As far as "the real me" goes, I believe that each of us has unique attributes, and that each of us has something you might call a soul or a core self. But things seem to go a whole lot better when I keep in mind that my "self" includes many roles, and that, taken as a whole, a person might best be described not as a single self but as an unfolding phenomenon.
One of the most shocking but ultimately liberating moments in my short course of cognitive therapy was when the therapist told me, "You are not your writing." I protested that yes, indeed, I was!
"No, you're not," he said.
Yes, I am!" I said.
We went back and forth like that for a while. He eventually wore me down. I understood intellectually that I was not my writing. I was a person and my writing was words. But still, I felt like I was my writing. I was a writer. That's what I did. What I did was who I was. My writing and I were the same. I was my writing.
He was able to demonstrate to me -- or to cajole me into demonstrating to myself, actually -- that I was also a husband, a friend, a worker, a son, a brother, a person in recovery, a poet, a musician, a dancer, etc. (The dancer part is a stretch; I think he threw it in for humor.)
So that's my take on finding "the real you." I wouldn't worry too much about any such category. It's at once too limiting and too vague. Now, as regards your depression, the only way I can talk about it is by talking about alcoholism as an analogy. Like your depression, my alcoholism is something I've got and I have to do things about it or it takes over. Like your depression, my alcoholism was for many years a defining difficulty in my life. Now it is something I live with by following a regimen. If I deviate from the regimen, I have a good idea what will happen. So I don't deviate from it.

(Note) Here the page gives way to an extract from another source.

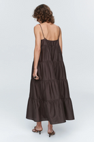 A refined take on voluminous summer dressing, the Ophelia Dress is crafted from lightweight cotton/silk in a rich tapenade hue. Features narrow self-fabric straps that can be adjusted at the back. Cut with a softly tiered panel construction to create gentle volume and a fluid drape that skims the body.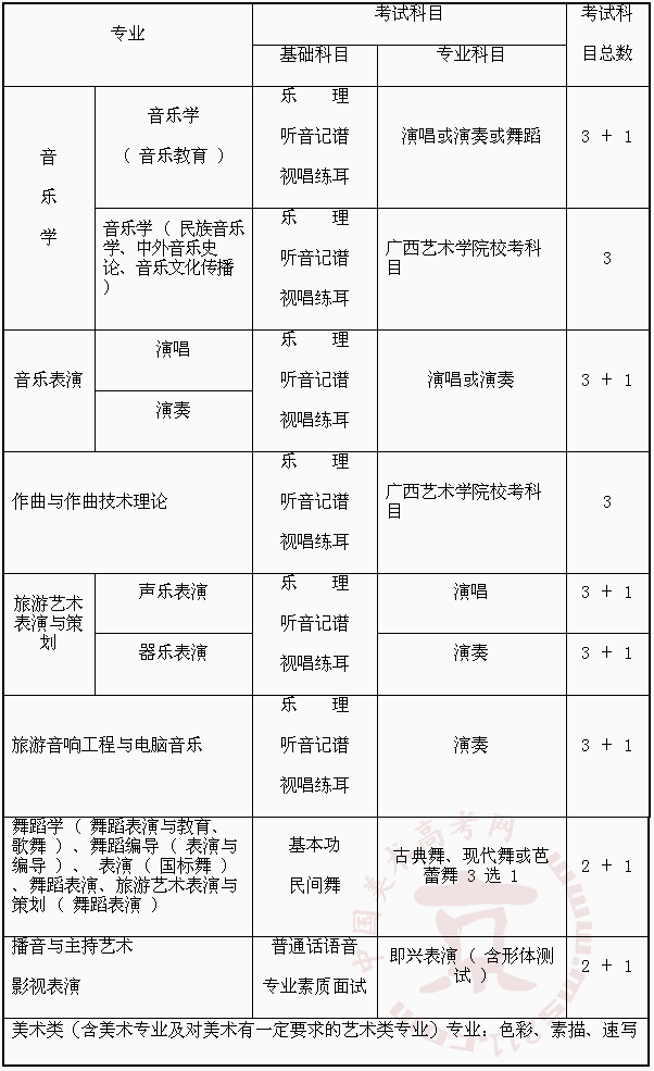藝術(shù)類專業(yè)全區(qū)統(tǒng)一考試科目一覽表

Fortunately, not drinking doesn't cost much. We're both on medicinal regimens in a way, except my regimen requires that I not take certain expensive medicines, and yours requires that you do take it. The thing I don't understand, though, is why, aside from the expense, if you're happy on the meds, you are thinking about going off them. You say, "I have to go off it sometime, I guess."
Is it necessary for you to go off it sometime? Why? Is it toxic over a long period of time? Is it just the expense? What benefit is there in going off the drug? Is there a possibility that you will feel not only OK but actually better off the drug? How much of your interest stems from an unexpressed wish to be finally, once and for all, completely cured?
While, again, I can't advise pro or con, here is a quote from CrazyMeds.org that made sense to me: "The most important thing to remember is this -- your symptoms have gone away BECAUSE THE MEDS ARE WORKING! It's not necessarily because you've been cured."
Let's turn to a question I feel better equipped to answer: If you went off the meds and it turned out that you couldn't live happily without them, what would that mean? What kind of person might you be? It might mean that you're a person who, after a long course of antidepressants, made the decision in concert with your therapist to gradually reduce the dosage in order to find out if it was possible to live happily without the drugs. And what if the truth turned out to be that you cannot live happily without the drugs? It might mean you're a person who had the courage to find out the truth about your condition, and now has found out the truth and is trying to live with it. Would that be so terrible?
Here's how I suggest you think about it: On Zoloft or off Zoloft, you are still the real you. The real you has depression. The real you takes meds for it. The real you sometimes thinks about not taking drugs for it. The real you wishes you could be happy without meds. Maybe you'll find out if that's possible. But if you do stop the drugs and become less happy as a result, you won't be less real. You'll just be less happy.